文春オンライン

連載文春図書館 今週の必読

安倍晋三に肉薄した記者によるドキュメント

『総理』 (山口敬之 著)

2016/08/09
note

安倍晋三総理については極端に異なる評価が併存している。右派勢力にとってはアイドルないし切り札であり、リベラルにとっては「人間じゃない」。

 本書では、安倍総理と官邸中枢の実像を、政局の決定的な時点でもサシで話せるほどの関係を築いている政治部記者が生々しく描いている。美化ともいえるが、本書で描かれた実像を無視した安倍イメージは幻想になりかねない。

 本書から分かる印象的な事実は、副総理兼財務大臣を務めている麻生太郎が、菅義偉官房長官と並んで安倍総理にとってきわめて重要な支柱だということ。吉田茂と岸信介という大物総理を祖父に持っているという共通点が、二人を結びつけているらしい。吉田と岸が宿敵の関係にあったことを考えると、孫同士の政策志向を越えた友好関係は意外であるとともに興味深い。

ADVERTISEMENT

 どうも、統治者意識とでもいうべきものが家系によって継承されているらしい。
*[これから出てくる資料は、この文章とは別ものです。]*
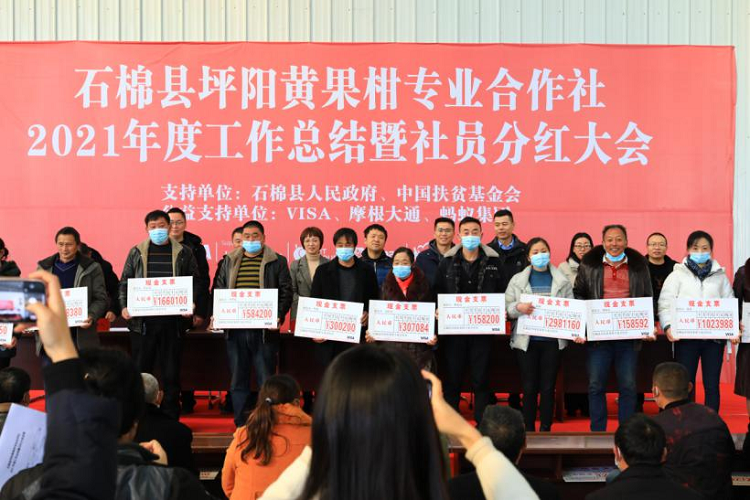 “2021年,石棉縣坪陽(yáng)黃果柑專業(yè)合作社通過(guò)開(kāi)展多項(xiàng)經(jīng)營(yíng)業(yè)務(wù)累計(jì)獲得收入903499元,支出453345元,利潤(rùn)450153元,合作社324戶認(rèn)證農(nóng)戶戶均可分得股金分紅1385元”。石棉縣坪陽(yáng)黃果柑專業(yè)合作社理事長(zhǎng)王志偉在大會(huì)中自豪地說(shuō)到:“這已經(jīng)是我們合作社連續(xù)六年分紅了”!
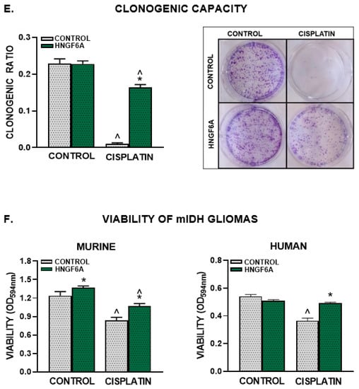 HN analogue facilitates chemoresistance in human GBM cells. (A–E) U251-MG cells were incubated with different concentrations (A) or 1.25 μM HNGF6A (B–E) for 2 h before cisplatin (2 μM) was added for additional 72 h (n = six replicates/condition). Viability was assessed by the MTT assay (A,B), proliferation was evaluated by BrdU incorporation (ELISA) (C) and cell death was determined by the propidium iodide exclusion method (D). Representative dot plots are shown for each condition. (E) Clonogenic capacity was evaluated 10 days after seeding the cells that were alive after cisplatin treatment (n = three replicates/condition). The panels on the right show representative images of the colonies formed in each experimental condition at the end of the clonogenic assay. (F) mIDH glioma neurospheres derived from genetically engineered mouse tumors and patient-derived biopsies cells (G01) were incubated with HNGF6A (1.25 μM) for 2 h before adding cisplatin (5 μM) for 72 h. Viability was measured by MTT assay. * p < 0.05 vs. respective controls without HNGF6A; ^ p < 0.05 vs. respective control without cisplatin, ANOVA followed by Tukey’s test.
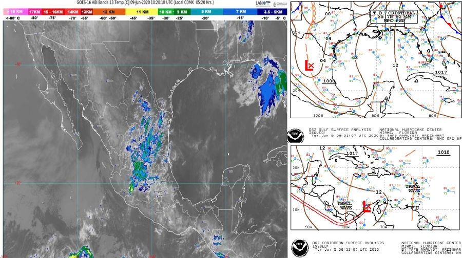 Golfo de México: Cielo parcialmente nublado por la mañana e incremento de nubosidad por la tarde con lluvias puntuales muy fuertes en Tamaulipas, fuertes en Tabasco e intervalos de chubascos en Veracruz, todas acompañadas de descargas eléctricas y posible caída de granizo. Ambiente cálido. Viento del este y sureste de 15 a 30 km/h en la región, con rachas superiores a 70 km//h y posible formación de torbellinos o tornados en Tamaulipas, así como rachas de 50 a 60 km/h en zonas de Veracruz.
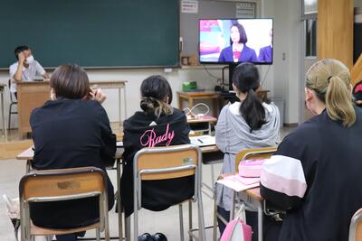 本日は、視聴覚教室で主権者教育が行われました。若者の政治的リテラシーや政治参加意識を育む必要があるため、様々な資料やクイズを解きながら楽しく学習する時間となりました。投票への関心を高めた生徒が多く見られました!
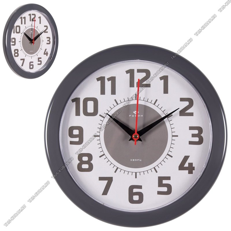 Часы (стекло/пластик) круглый d23см "Классика" темно-серый корпус
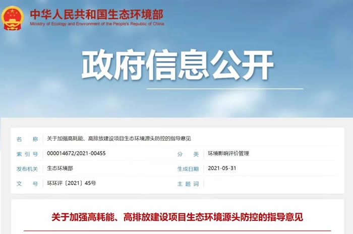 近日,生态环境部发文,为全面落实党的十九届五中全会关于加快推动绿色低碳发展的决策部署,坚决遏制高耗能、高排放(以下简称“两高”)项目盲目发展,推动绿色转型和高质量发展,现就加强“两高”项目生态环境源头防控提出如下指导意见。首先,加强生态环境分区,落实区域削减要求,合理划分事权。推进“两高”行业减污降碳协同控制,提升清洁生产和污染防治水平,将碳排放影响评价纳入环境影响评价体系。依排污许可证强化监管执法,加强排污许可证管理,强化以排污许可证为主要依据的执法监管。保障政策落地见效。
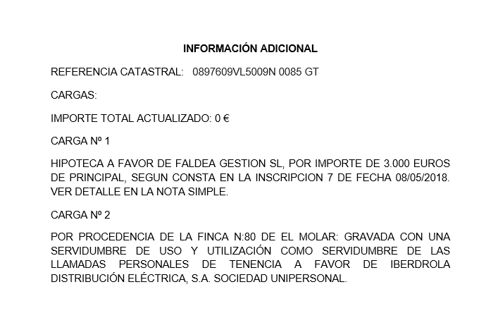 Discrepancia superficie registral y catastral: Registro: 10,35 m2 Catastro: 10m2 Discrepancia dirección: Registro: PLAZA PARAISO, número 56, planta: SOT 2, plaza de garaje: 24 Catastro: AV ESPAÑA 56 Pl:-2 Pt:24, 28710 EL MOLAR MADRID SE DESCONOCEN LOS MOTIVOS DE LA DISCREPANCIA RC: 0897609VL5009N0085GT. CARGAS QUE AFECTAN AL BIEN: EXISTE MÁS INFORMACIÓN EN IMÁGENES & 8211 ANEXO.
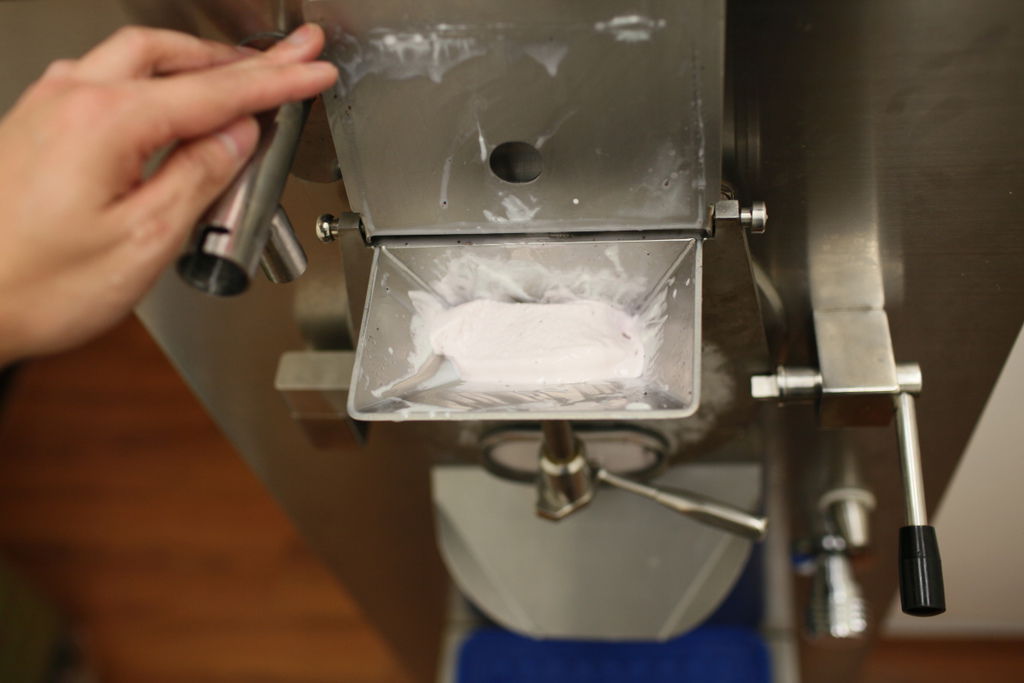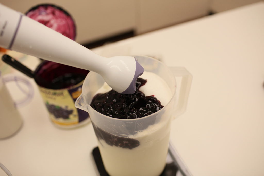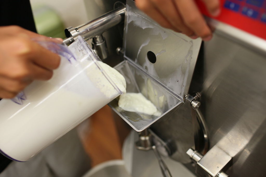 將先前取出混合的優格,與加熱殺菌後的基底,一同加入製作冰淇淋。

これ自体は民主主義の観点から望ましいこととは言えないが、総理や首長の最近の事例を見るにつけ、統治者意識をもった政治指導者が民主主義のなかでどう育ちうるのかという問題を考えさせられる。

 いくつかのエピソードが興味深い。化学兵器を使ったとしてシリアを空爆しようとするオバマ大統領が支持を求めてきていた時期に、あえてアメリカが傍受している可能性のあるメールを使って、安倍総理が著者に「この状態では空爆は支持できないね」と書いてきたという。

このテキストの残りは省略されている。